The third sector in which the company has offered its offices for third companies is telephony. A customer can hire fiber and mobile services from O2, Telefónica’s low-cost subsidiary, at the post offices. In the past, it also had an agreement with Pepephone, a brand of the MásMóvil group. In addition, in this case, yes, the public company has a project operated by herself, Correos Telecom. This company, which has a range of services comparable to those considered low-cost in Spain, is currently available only to group workers. Asked about the future of this initiative, Correos avoids confirming whether the plan is to offer it beyond the postal operator’s staff.

The public group does not specify how much income the sale of these products in its offices means or its objective with respect to the total billing. They only slide that these agreements, with their differences between them, usually include clauses by which Correos charges a series of commissions or percentages of the operations that originate in its offices. The only data that Correos publicly advances is that 200,000 clients have been referred to energy companies and about 100,000 to the insurer. In addition, the company points out that certain procedures can also be carried out with the administration such as the one known as the Virtual Entities Registry Office (ORVE), which has processed 600,000 actions, or with the General Directorate of Traffic (DGT).

Beyond the scant details on the business impact of these agreements or the expected return, the company has repeatedly explained that with this strategy it seeks to “diversify and enrich the offer available in its network of offices, the largest in Spain in regarding capillarity and territorial coverage “. It is, they point out, “incorporating new products and services whose demand continues to grow.” They recognize that, given the fall of the traditional postal business, other avenues of income and activity are being sought for the company.

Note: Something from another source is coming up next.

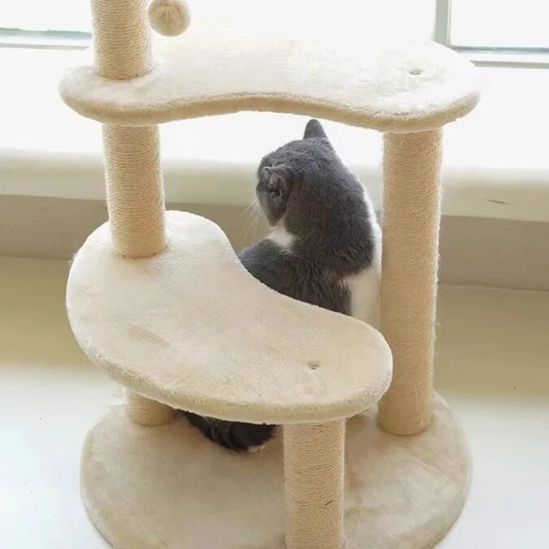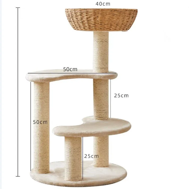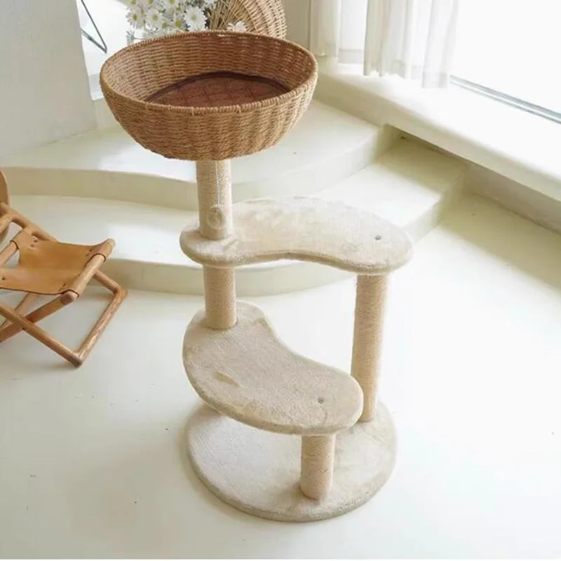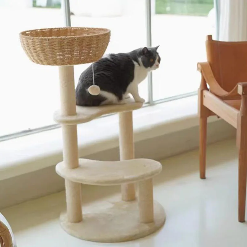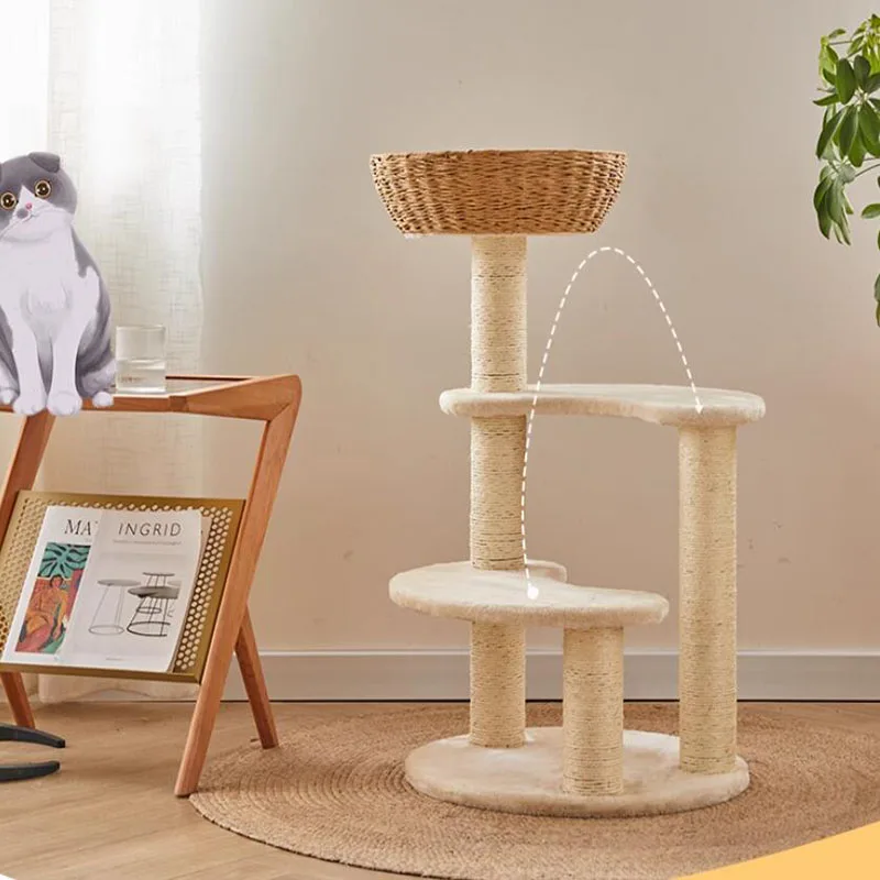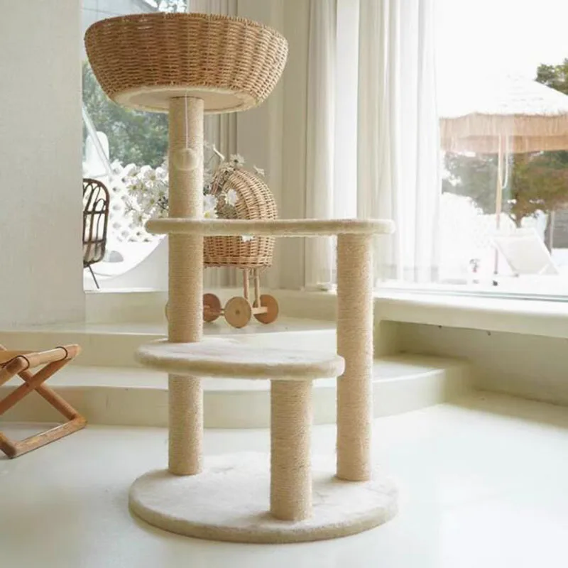 Escalera de doble capa para gatos, marco de escalada de ratán, cama de árbol para gatos, integrado, vertical, grande, de cáñamo, madera maciza

The company already pointed out in its 2020 annual accounts that the objective was to undertake “a diversification process that allows it to enter growing markets with higher margins.” Correos had losses in 2020 of 264 million euros compared to 13 million in profit the previous year, mainly due to the pandemic. In the first half of the year, the company was already making a profit of 1.8 million again. The 2021 General Budgets set expected losses for the company of 77 million euros and, for next year, the draft accounts agreed by the coalition government foresees red numbers of 29 million euros.